Mobolaji Olufunso Johnson (9 February 1936 – 30 October 2019) was a Nigerian Army Brigadier who served as Military Administrator of the Federal territory of Lagos from January 1966 to May 1967 during the military regime of General Aguyi-Ironsi (to July 1966, and General Gowon subsequently), and then as Governor of Lagos State from May 1967 to July 1975 during the military regime of General Yakubu Gowon. As Governor of Lagos, his administration supervised the unpopular demolition of the Ajele Cemetery in the early 1970s.

Early life and education
Johnson was born to the family of Joshua Motola Johnson and his wife, Gbemisola Johnson (née Dudley-Coker). His father was of Lagos indigene and was a member of the Royal West African Frontier Force during World War. His grandfather's last name was previously Osholero but he changed it to Johnson after the priest who converted him to Christianity. The Johnson family moved to Lagos during the early parts of the twentieth century. Johnson had five other siblings including his brother, Femi Johnson, founder of Femi Johnson and Company of Ibadan. Mobolaji Johnson started his education at Reagean Memorial Baptist School, Yaba, Methodist School in 1941. He then attended Hussey College, Warri, 1954. In 1955, he moved to Methodist Boys High School Lagos, the School his father attended, where he finished his secondary education in 1957. While in MBHS, Lagos, Mobolaji was a good all-round sports man. In 1959 Mobolaji attended the Officer Cadet Training School in Ghana. 
Mobolaji Johnson also attended the Mons Officer Cadet School in Aldershot and the Royal Military Academy, Sandhurst, United Kingdom, between 1960–1961.

Military career
Zaria Military Depot, 1958–1959.
United Nations Peace Keeping Troops, Congo
He was promoted a 2nd Lieutenant, Nigeria Army, 1961.
Lieutenant, 1962, Captain, October 1962.
Appointed Deputy Commander, Federal Guards, 1964.
Commander, Federal Guards, 1964.
Deputy Adjutant and Quartermaster-General Headquarters, 2nd Brigade, Apapa, Lagos, 1964.
Major, February 1966;
Second in command, 4th Battalion, Ibadan.
Station Commander, Benin, Midwest (old Bendel State).

Biafra War
At the end of the famed Biafra War, Johnson was amongst the  federal delegates at the end of the war ceremony.
In 1966, after the abortive coup d'etat that put paid to the first Nigerian civilian administration, he became Military Administrator of Lagos State. In 1967 he became the First Governor of Lagos State. Johnson's tenure as Military Governor of Lagos State saw the building of major infrastructure in Lagos State.

Governor
Johnson was first appointed by Aguiyi-Ironsi as the administrator of the former federal territory of Lagos in 1966. Ironsi was the head of state and wanted someone from Lagos to handle some of the problems of the federal territory. In May 1967, Lagos State was created and Johnson became the first governor of Lagos; the state was now composed of the old Federal Territory of Victoria Island, Ikoyi and Lagos Island plus the additions of the Epe, Badagry, Ikorodu and Ikeja divisions. He was involved in developing the civil service in Lagos State. Johnson was initially assisted in running the state with help from some key civil servants such as Administrative Secretary, Adeymi-Bero, Finance Secretary, F.C.O Coker, and the acting secretary to the Military Government, Howson Wright and waited until April 1968 before appointing his commissioners.

Building Lagos
 60.7-kilometre international express road (Lagos–Badagry Expressway) linking Nigeria with the neighbouring countries Benin, Ghana and Togo.
 Toikin Bridge to link Epe to Ikorodu
 Eko Bridge
 Third Mainland Bridge
 A network of roads and bridges that constitutes what is modern day Lagos
 Reclamation of the Bar Beach shoreline.
Another coup ushered in a new military government in 1975. A new administration came in, under an anti-corruption banner.

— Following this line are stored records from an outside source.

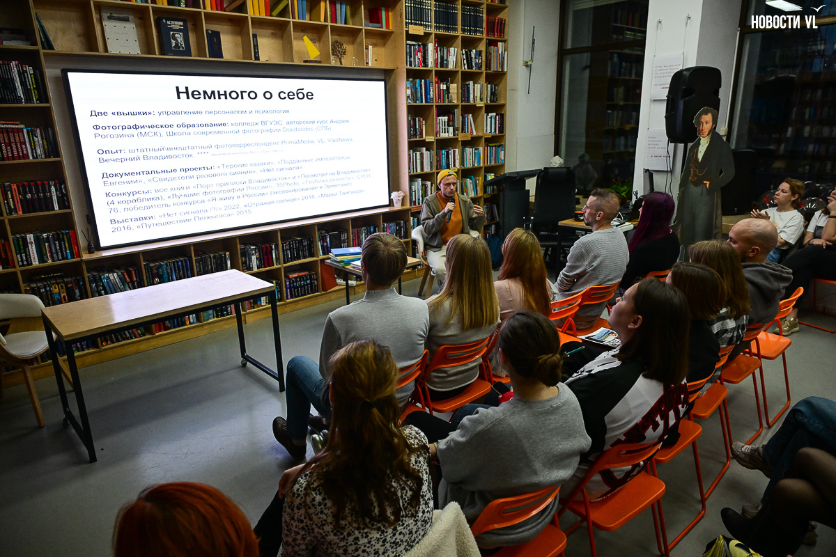 «Больше всего впечатлила лекция про фотоистории, потому что парень очень весело и на своём живом опыте рассказывал, и всё это подкреплялось большим количеством визуала. И это ещё пересекается с писательством, которым я занимаюсь. Потому что и там, и там рассказываются истории, есть контекст, есть взаимосвязи, вторые и третьи уровни смыслов – всё это важно. И лектор говорил об этом, опираясь на фото», – поделился молодой приморский поэт Александр Левковец.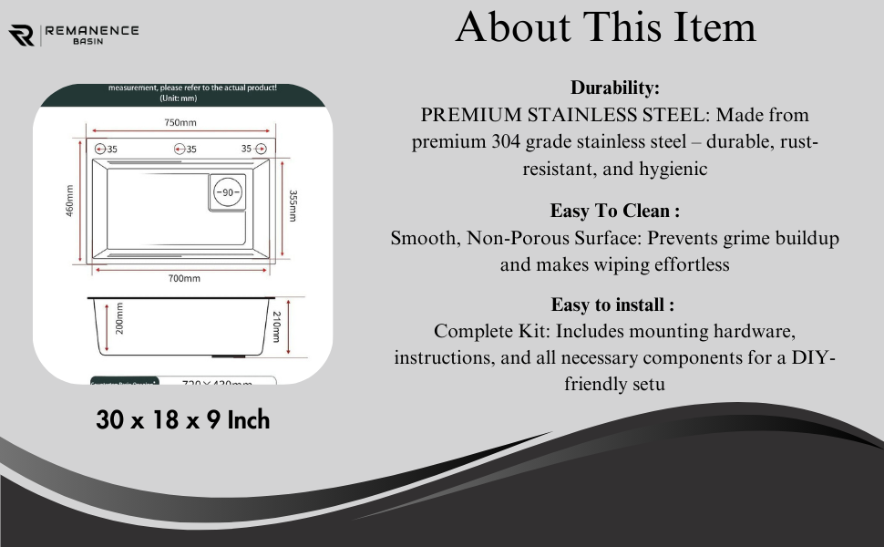 • Durable Material : This sink is made with premium 304 Grade Stainless steel, with excellent strength and durability, rust and dent resistance. The matte NANO coating surface will not have water stains, wipe clean for easy maintenance.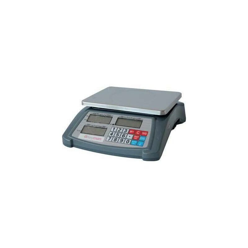 Con display LCD a 3 quadranti piu tastiera fronte operatore + 3 quadranti lato cliente. Piatto in ferro da Cm. 28x20. Triplice f

Demolition of Ajele Cemetery
Johnson's administration was responsible for the demolition and disinterment of people buried at Ajele Cemetery such as Samuel Ajayi Crowther, James Pinson Labulo Davies, Madam Tinubu, Thomas Babington Macaulay, and many others. The demolition met with a lot of criticism: Prof J.D.Y. Peel noted that the demolition had deprived "Lagosians not only of a precious green space in the heart of the city but of the memorials of their forebears". Nobel Laureate Wole Soyinka called the demolition "the violation of that ancestral place" noting that "the order came from the military governor [Mobolaji Johnson]: 'Dig up those dead and forgotten ancestors and plant a modern council building – with all its lucrative corollaries on that somnolent spot".

Retirement

In 1975 at the inception of the General Murtala Mohammed administration Johnson was one of the two state Governors (along with Brigadier General Oluwole Rotimi) found not guilty of corruption by the three-man panel commissioned to investigate the various allegations of corruption amongst the State Governors.

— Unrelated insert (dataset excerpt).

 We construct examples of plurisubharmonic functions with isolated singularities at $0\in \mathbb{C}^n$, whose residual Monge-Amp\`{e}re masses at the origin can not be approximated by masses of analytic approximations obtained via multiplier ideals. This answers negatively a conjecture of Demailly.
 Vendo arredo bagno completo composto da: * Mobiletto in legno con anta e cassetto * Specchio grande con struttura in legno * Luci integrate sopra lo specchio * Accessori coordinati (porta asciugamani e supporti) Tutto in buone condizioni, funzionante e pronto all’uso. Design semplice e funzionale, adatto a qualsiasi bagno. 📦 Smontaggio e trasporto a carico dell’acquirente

General Johnson retired from the Nigerian Army in 1975 and went into private business.
He had four children, three sons and a daughter.

Later life

Johnson was the Chairman of Nigerian Conservation Foundation.

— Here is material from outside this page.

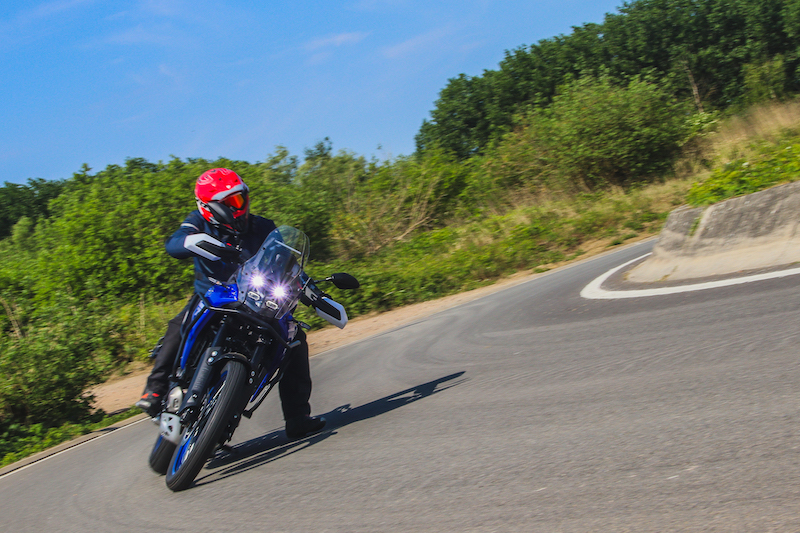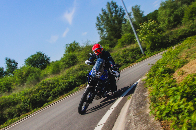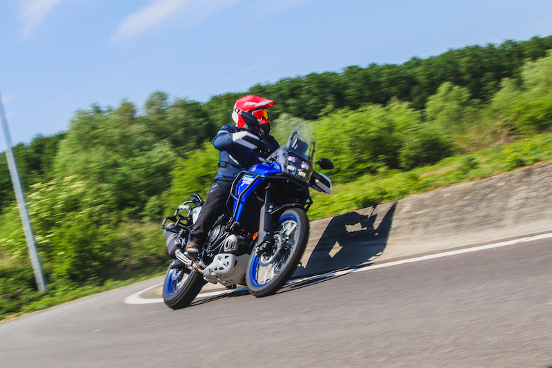 Da’s meteen zowat het tegenovergesteld van de Ténéré 700 die het moet hebben van z’n lichtvoetigheid. De Yam stuurt zeker niet verkeerd op het asfalt, en je zou hier je leven lang gelukkige verharde kilometers mee kunnen maken… zolang je nooit overstapt op de concurrenten. Zo licht als de Yamaha aanvoelt, zo soepeltjes als het CP2 motorblok aan het gashendel hangt, zo snel lopen de Honda en de CF uit bij acceleraties en ook bij stevige remacties delft de Ténéré het onderscheid. De langere veerwegen  en overall lichtere bouw komen minder goed tot uiting op perfect asfalt, al verandert het verhaal snel wanneer we slechtere wegen aandoen en al helemaal als we richting de Sahara trekken.

He became a Director  of construction giant Julius Berger Nigeria in 1979 and its chairman in 1996, a post he held until 2009.

Johnson was the Chairman Executive Council of Lagos State University Development Foundation.

He was the Chairman of the Board of Trustees of Methodist Boys' High School, Lagos Old Boys' National Association. He was honoured with the position because he was a distinguished Old Boy who was of great assistance to his Alma Mater.

His daughter-in-law is Omobola Johnson.

Mobolaji Johnson died  on October 30, 2019 at the age of 83 in his home. His death was announced by his son, Deji Johnson. Deji has 3 children himself, two daughters and a son.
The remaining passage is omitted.